In the preface to the first issue of his new magazine, Hetzel wrote, “We are attempting to create a journal for the entire family that is educational in the true sense of the word; one that is both serious and entertaining, one that would be of interest to parents and of profit to children. Education and recreation—these two terms, in our opinion, should complement each other.... Our ambition is to supplement the necessarily arduous lessons of the classroom with a lesson that is both more personal and more trenchant, to round out public education with family readings ... to fulfill the learning needs of the home, from the cradle to old age” (Evans, p. 24).

  Hetzel’s magazine was not the first to discover this niche market. In addition to Musée des familles, started in 1833, there was the Journal of Education in 1768, the Magazine of Pictures in 1833, and World Tour in 1860, the last a version of the modern-day National Geographic. But if Hetzel’s magazine wasn’t the only one of its kind, it was the best. With the most illustrations, with stories by the famous Verne, and with good binding and high-quality paper, Hetzel’s magazine appealed to every generation of French readers with a taste for both adventure and science.

  There were, however, downsides to the deal. Hetzel, exploiting Verne’s hunger for fame, negotiated a deal in which Verne made the equivalent of $2 million throughout his relationship with the publisher and Hetzel made three times that much. In addition, Hetzel required Verne to work at breakneck speed. In the eleven years between publication of Five Weeks in a Balloon and The Mysterious Island, Verne wrote ten complete novels as well as a series of travel books dealing with the natural history of each region of France.

  But the most disturbing aspect of this writer-publisher relationship was hinted at in Hetzel’s own mission statement. “We have created a Magazine wherein everything is tailored to different age groups and nothing displeasing to anyone,” Hetzel wrote (Evans, p. 24).

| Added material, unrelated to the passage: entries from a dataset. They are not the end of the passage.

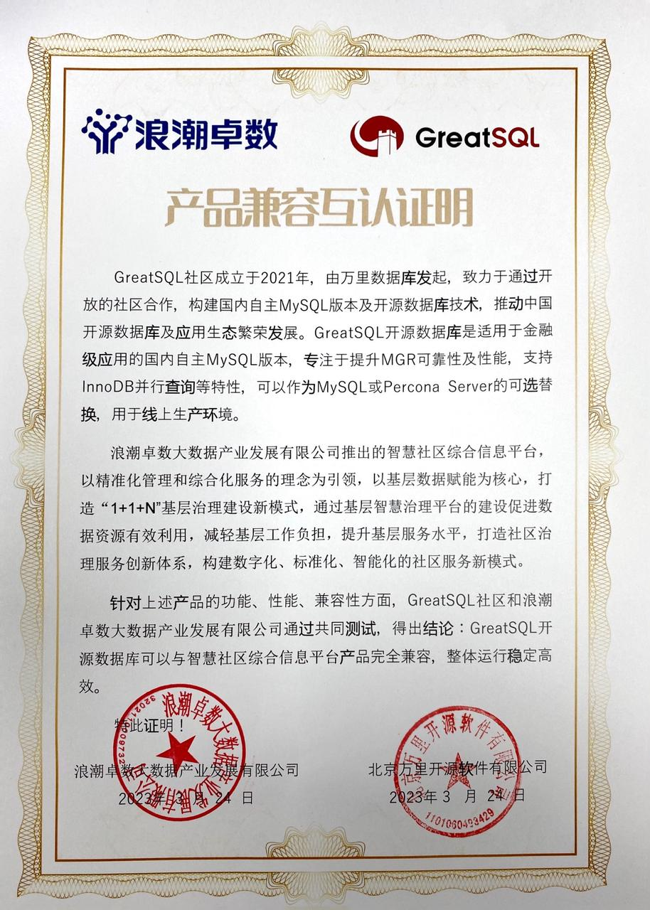 GreatSQL 开源数据库 & 浪潮桌数智慧社区综合信息平台产品兼容性互认证;
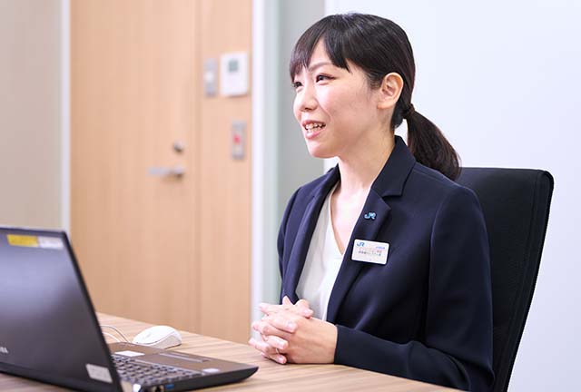 2016年に輸送課に配属された時、課内では「乗務員が何を見てどのように物事を判断しているのかを可視化し、指導に活かせないか」ということが課題になっていました。私は車掌経験があり、「ベテラン車掌が何を見て何を考えているのか知りたい」と感じていました。課題感がマッチしたこともあって、担当を申し出ました。 この時注目したのが、「アイトラッキング」という視線移動を可視化する技術です。この技術は介護施設などで、視線によるシステム入力を通じて意思疎通をする目的などで使われています。さらに調べたところ、大学病院で看護師の指導に活用されていることがわかりました。さっそく大学病院を見学させてもらい、現場での使い方や当社で使う場合の課題や改善方法を検討しました。当初は「本当に鉄道の仕事に使えるのだろうか」という声も寄せられていたのですが、現場や支社の協力を得ながら導入を進め、「視線移動に着眼した教育」という新たな仕組みが実現されました。今ではこの仕組みは、全社で活用されています。この経験から私は、鉄道業界にとどまらず他業界の例を積極的に取り入れることの重要性を学びました。さらにJR西日本は、若手であっても大きなプロジェクトを任せてもらえ、会社全体を変える仕事ができる会社だと実感しました。また、出産というライフイベントの前に大きな仕事を経験できたことは、復職へのモチベーションにもなりました。
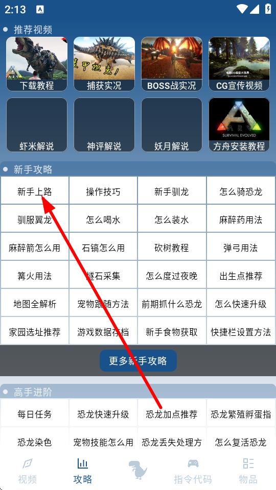 2、进入攻略界面后在新手攻略板块下,点击新手上路。
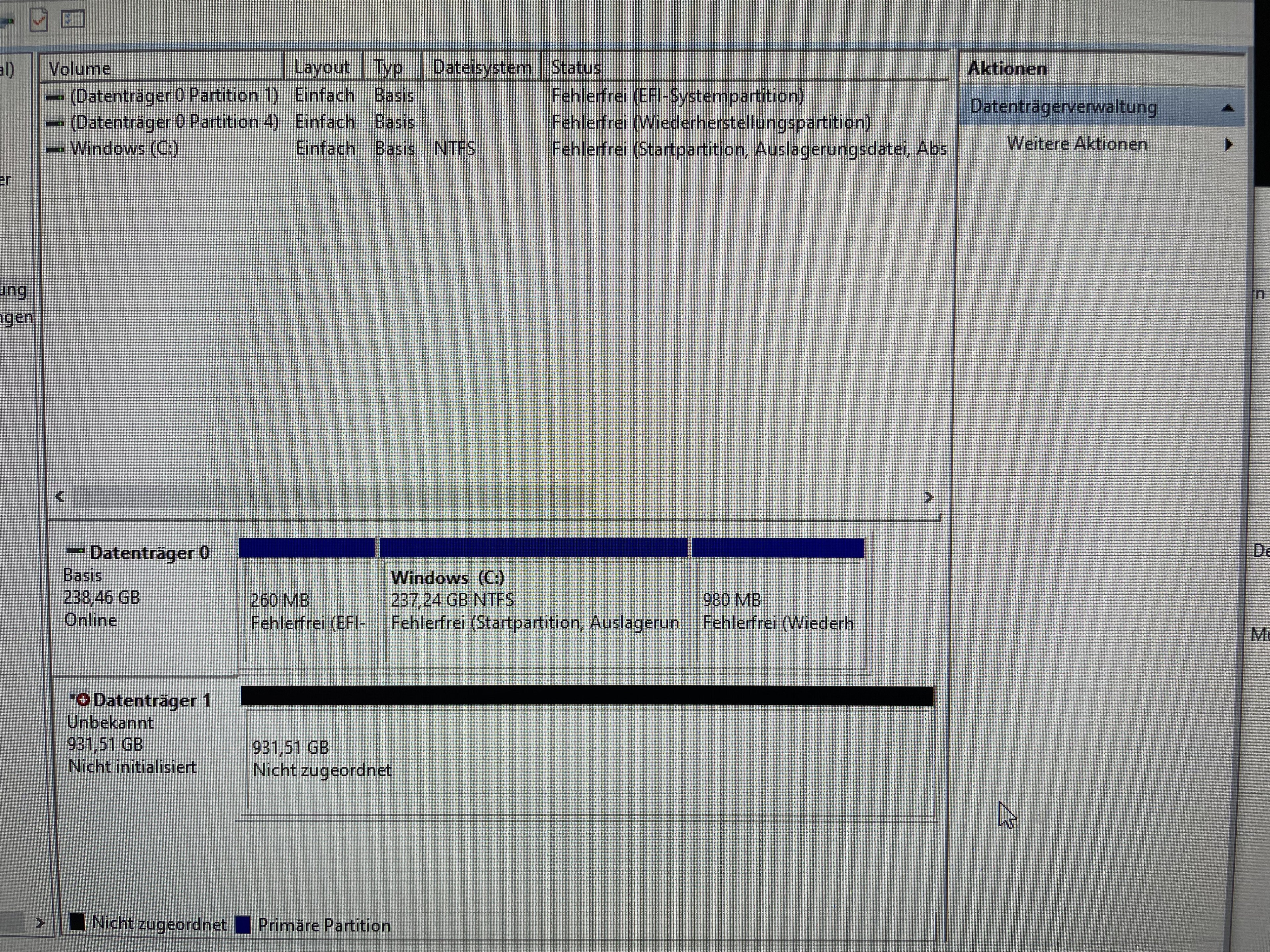 Ich habe damals Windows 10 auf einen USB Stick gebootet. Dann habe ich die alte SSD rausgenommen gegen die neue getauscht und beim hochfahren dann Windows über den USB Stick drauf installiert. Die SSD befindet sich jetzt auf dem Laufwerk C. Außerdem habe ich noch ein Laufwerk D (1TB HDD Festplatte).
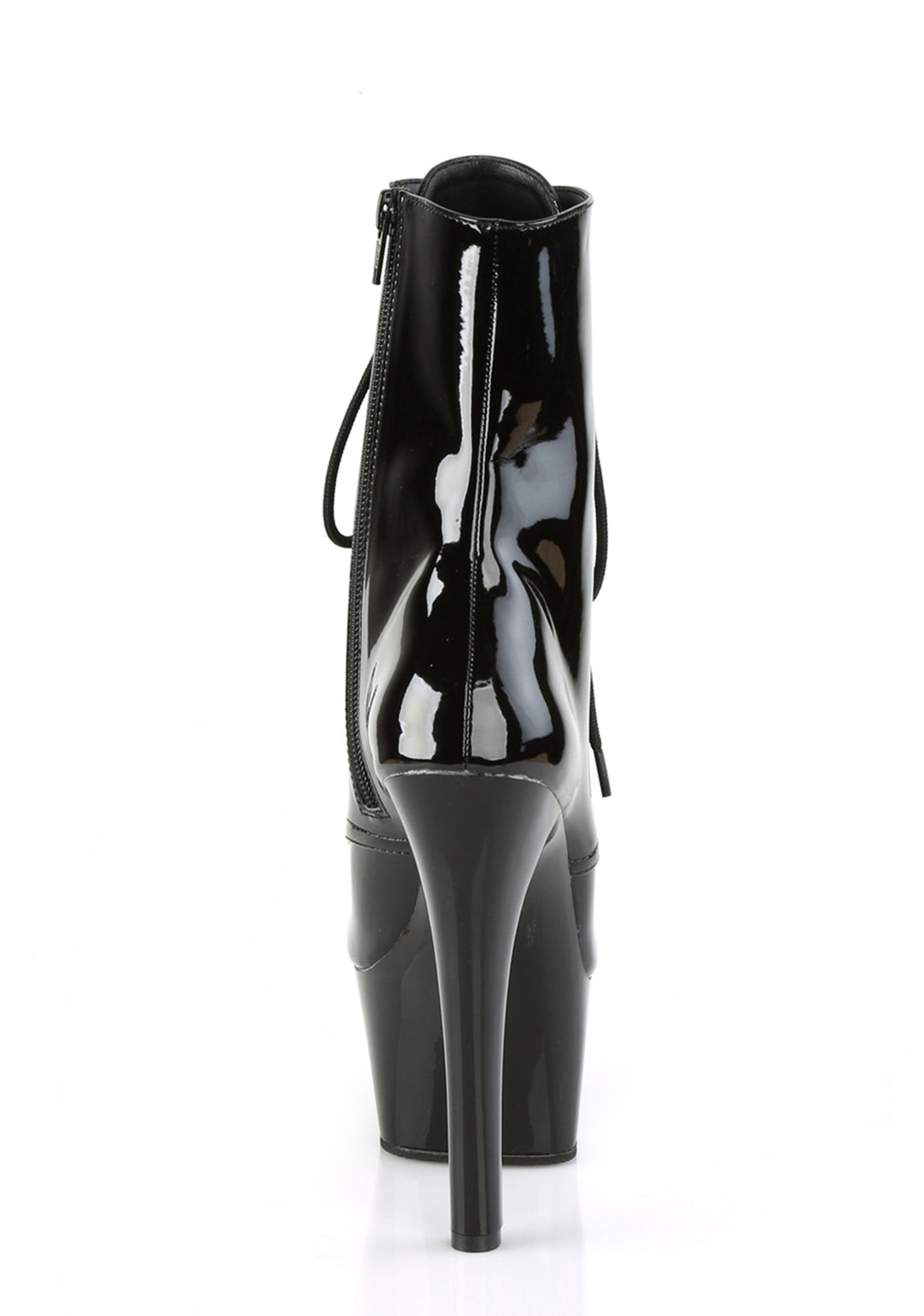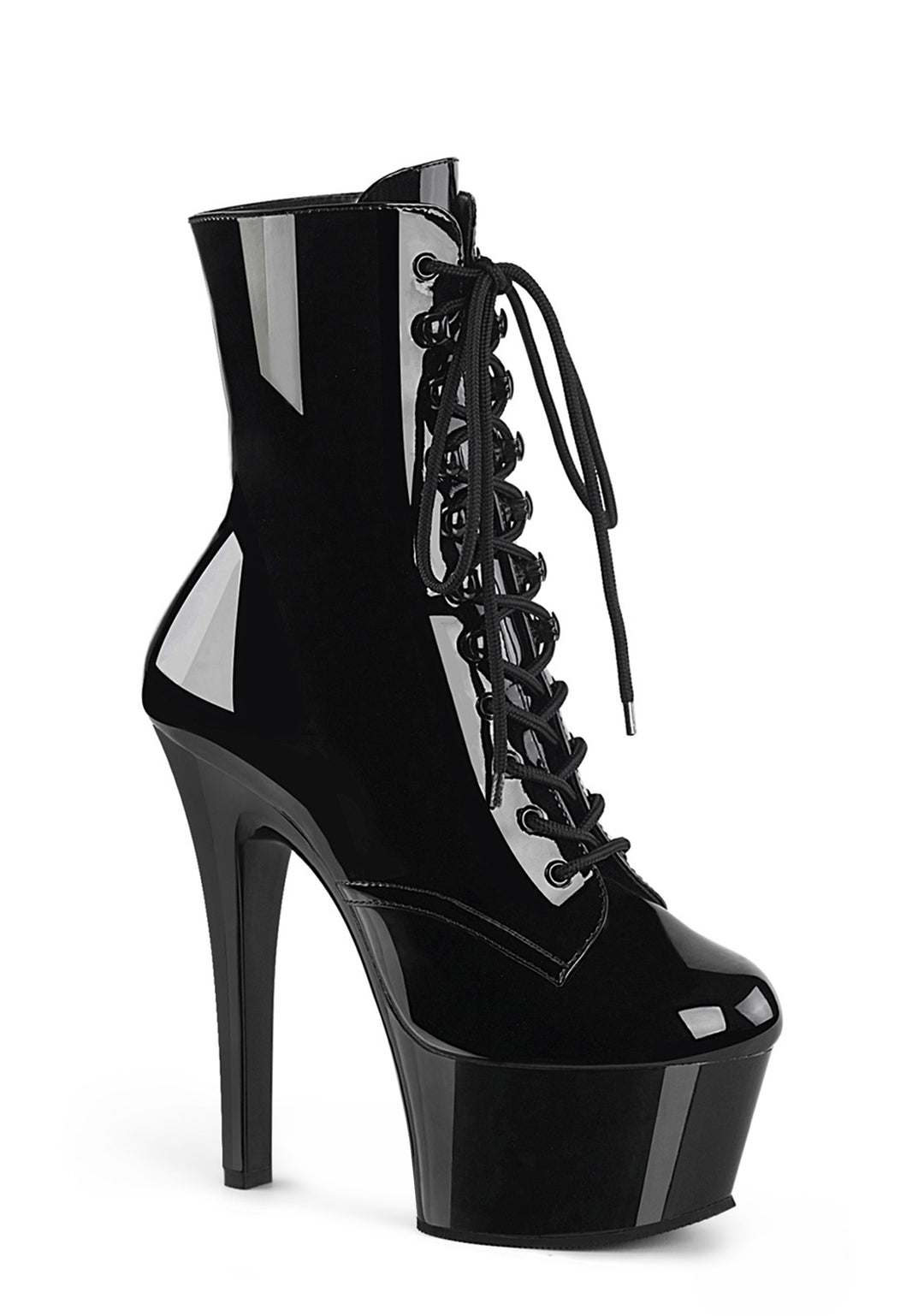 These ankle boots have a vinyl construction, platform soles, stiletto heels, front lace-ups, and side zipper closures.
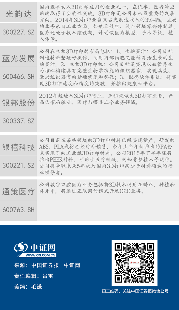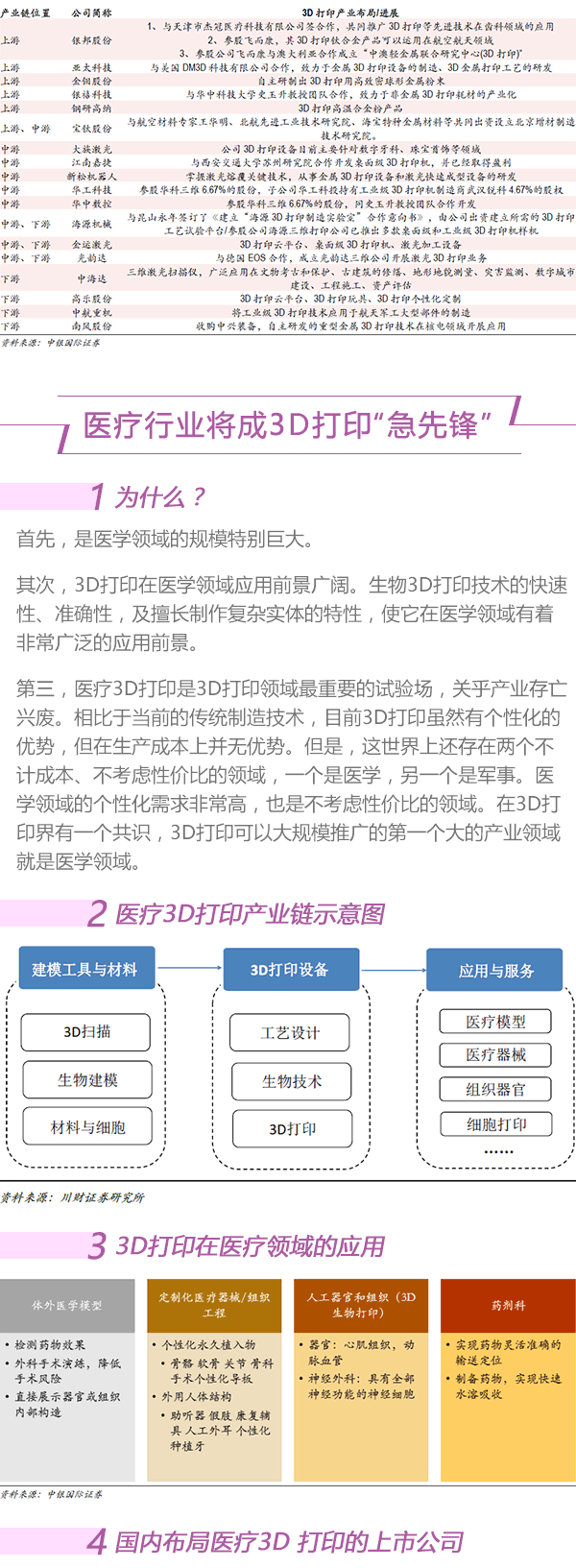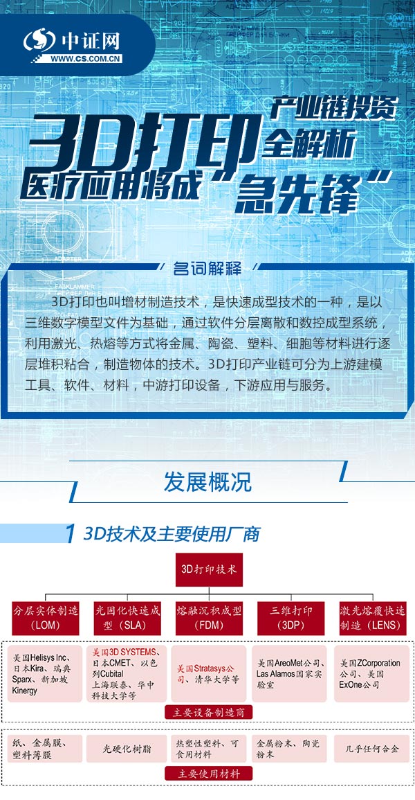 3D打印产业链投资全解析 医疗应用将成“急先锋”

The articles and stories in this magazine were to be “fundamentally wholesome and good” (Evans, p. 24), and Hetzel worked closely with Verne to ensure that his stories met these criteria. It was a recipe for censorship. Hetzel struck many of Verne’s references to God, as well as any mention of sex or sensuality. For instance, in the original manuscript of Twenty Thousand Leagues Under the Sea, the paintings in Captain Nemo’s library included a “half-clothed woman” (Evans, p. 29) and a courtesan. These were changed to a Leonardo da Vinci virgin and a portrait by Titian, respectively.

  At other times Hetzel attacked his star author. “Where’s the science?” Hetzel wrote when Verne presented him with a manuscript of what would become The Mysterious Island. “They [the characters] are too dumb! ... 82 pages of text and not a single invention that a cretin couldn’t figure out! ... It’s a collection of totally listless beings; not a one of them is alert, lively, witty.... Drop all these guys and start again, from scratch” (Evans, p. 27).

  Verne, eager to keep his name at the top of Hetzel’s literary roster, compromised himself to please his editor. After Hetzel presented Verne with a laundry list of edits on his manuscript of The Adventures of Captain Hatteras, Verne responded in a letter, “I promise you that I will take them into account, for all your observations are correct.... I have not yet achieved total mastery over myself.... Have you ever found me to be recalcitrant when it came to making cuts or rearrangements? Didn’t I follow your advice in Five Weeks in a Balloon by eliminating Joe’s long narrative, and without pain?” (Evans, p. 27).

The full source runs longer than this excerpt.